Material supplied Start Marker

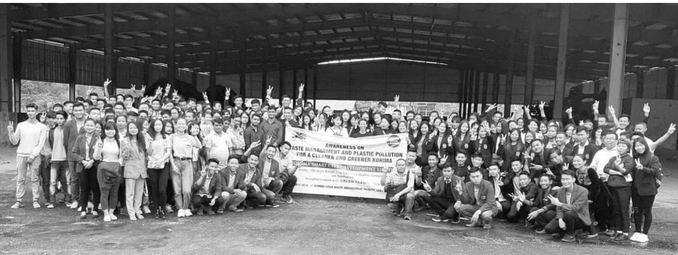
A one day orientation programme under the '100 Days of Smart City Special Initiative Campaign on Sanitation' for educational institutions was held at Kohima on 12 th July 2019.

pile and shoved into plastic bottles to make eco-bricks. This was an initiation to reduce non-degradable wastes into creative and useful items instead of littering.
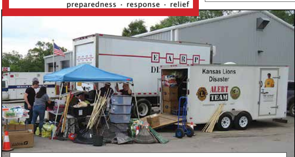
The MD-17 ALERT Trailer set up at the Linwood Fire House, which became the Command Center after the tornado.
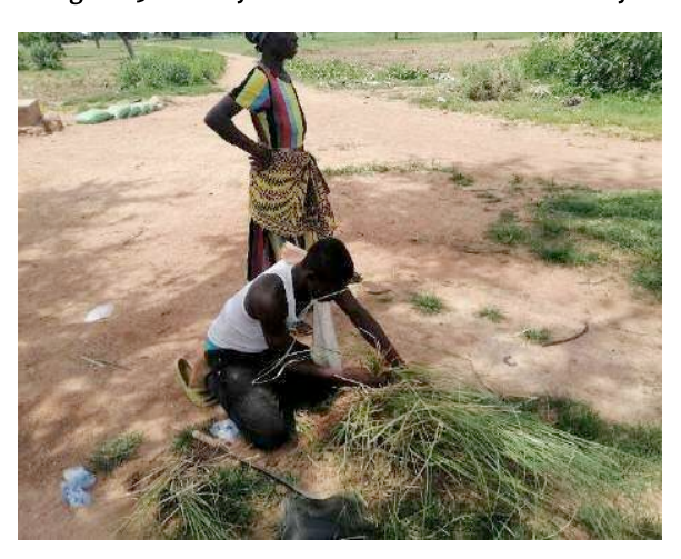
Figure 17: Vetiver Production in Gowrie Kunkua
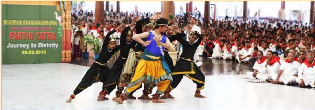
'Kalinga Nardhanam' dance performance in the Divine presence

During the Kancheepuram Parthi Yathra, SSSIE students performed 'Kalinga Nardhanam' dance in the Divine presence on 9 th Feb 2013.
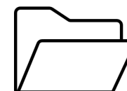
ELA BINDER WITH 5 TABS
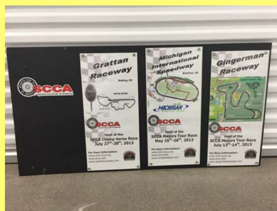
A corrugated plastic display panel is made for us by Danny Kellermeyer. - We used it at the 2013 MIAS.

Material supplied End Marker
Material supplied Start Marker

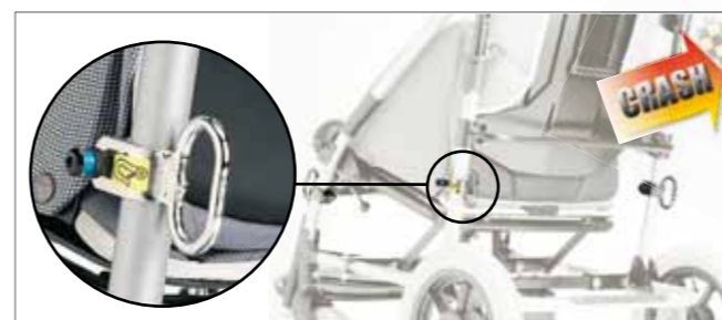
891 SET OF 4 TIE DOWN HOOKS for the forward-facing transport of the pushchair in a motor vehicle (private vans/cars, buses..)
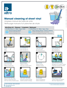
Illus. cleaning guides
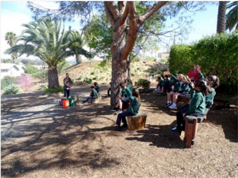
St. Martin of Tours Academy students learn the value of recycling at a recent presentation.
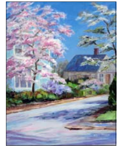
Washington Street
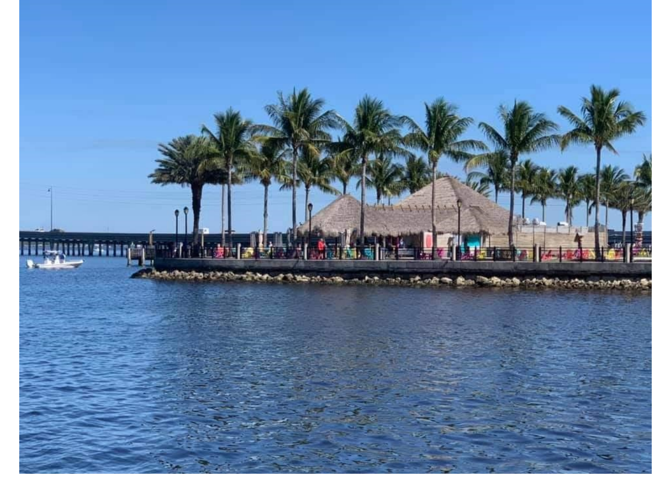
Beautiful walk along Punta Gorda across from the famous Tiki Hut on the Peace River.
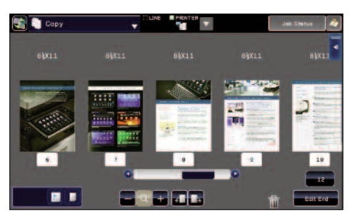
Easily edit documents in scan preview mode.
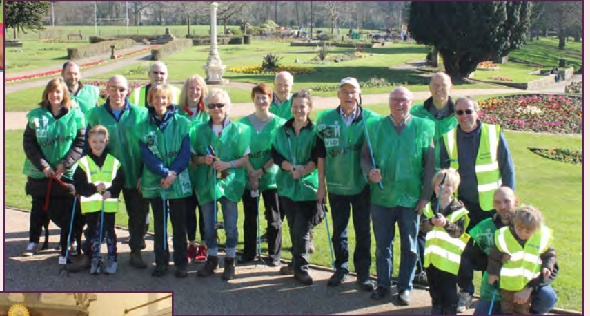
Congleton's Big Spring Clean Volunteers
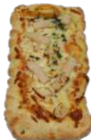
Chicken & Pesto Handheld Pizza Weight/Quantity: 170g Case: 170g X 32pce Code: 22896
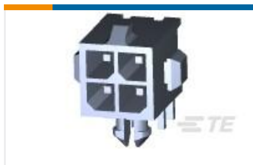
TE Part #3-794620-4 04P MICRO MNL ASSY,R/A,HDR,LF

Material supplied End Marker
Material supplied Start Marker

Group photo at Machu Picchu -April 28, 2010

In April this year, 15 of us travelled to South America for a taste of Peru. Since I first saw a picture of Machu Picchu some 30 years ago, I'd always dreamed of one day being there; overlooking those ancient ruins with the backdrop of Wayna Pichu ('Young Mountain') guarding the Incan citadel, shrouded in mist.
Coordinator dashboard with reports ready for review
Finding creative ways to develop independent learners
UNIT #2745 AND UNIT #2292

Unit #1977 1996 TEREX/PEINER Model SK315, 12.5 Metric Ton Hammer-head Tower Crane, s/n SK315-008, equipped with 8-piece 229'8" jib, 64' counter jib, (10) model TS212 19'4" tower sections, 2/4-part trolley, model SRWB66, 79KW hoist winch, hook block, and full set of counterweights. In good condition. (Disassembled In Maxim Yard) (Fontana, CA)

Material supplied End Marker

> _What the task asks_
Reproduce, exactly and only, the lines of the records above starting at the line with "Illus. cleaning guides" and ending at the line with "Congleton's Big Spring Clean Volunteers", both included. Leave every picture out.

> _Output of the exercise_
Illus. cleaning guides
St. Martin of Tours Academy students learn the value of recycling at a recent presentation.
Washington Street
Beautiful walk along Punta Gorda across from the famous Tiki Hut on the Peace River.
Easily edit documents in scan preview mode.
Congleton's Big Spring Clean Volunteers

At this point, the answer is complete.